» **Work task**:
Of the material below, the lines to be retyped are those from the line containing "現在の氣仙屋茶畑で行われた今" through the line containing "飲料水やスイーツの原料として", inclusive; reproduce them exactly.

» **Provided entries**:
_ _ _ _ _ _ _

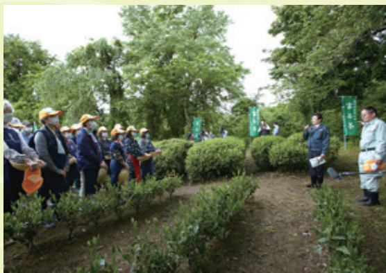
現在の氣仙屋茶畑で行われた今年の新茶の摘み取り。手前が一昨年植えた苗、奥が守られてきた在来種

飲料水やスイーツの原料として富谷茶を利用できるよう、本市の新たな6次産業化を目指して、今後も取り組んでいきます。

_ _ _ _ _ _ _

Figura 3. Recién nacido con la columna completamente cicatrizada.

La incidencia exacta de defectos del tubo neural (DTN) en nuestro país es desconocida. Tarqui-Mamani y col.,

_ _ _ _ _ _ _

» **Response below**:
現在の氣仙屋茶畑で行われた今年の新茶の摘み取り。手前が一昨年植えた苗、奥が守られてきた在来種

飲料水やスイーツの原料として富谷茶を利用できるよう、本市の新たな6次産業化を目指して、今後も取り組んでいきます。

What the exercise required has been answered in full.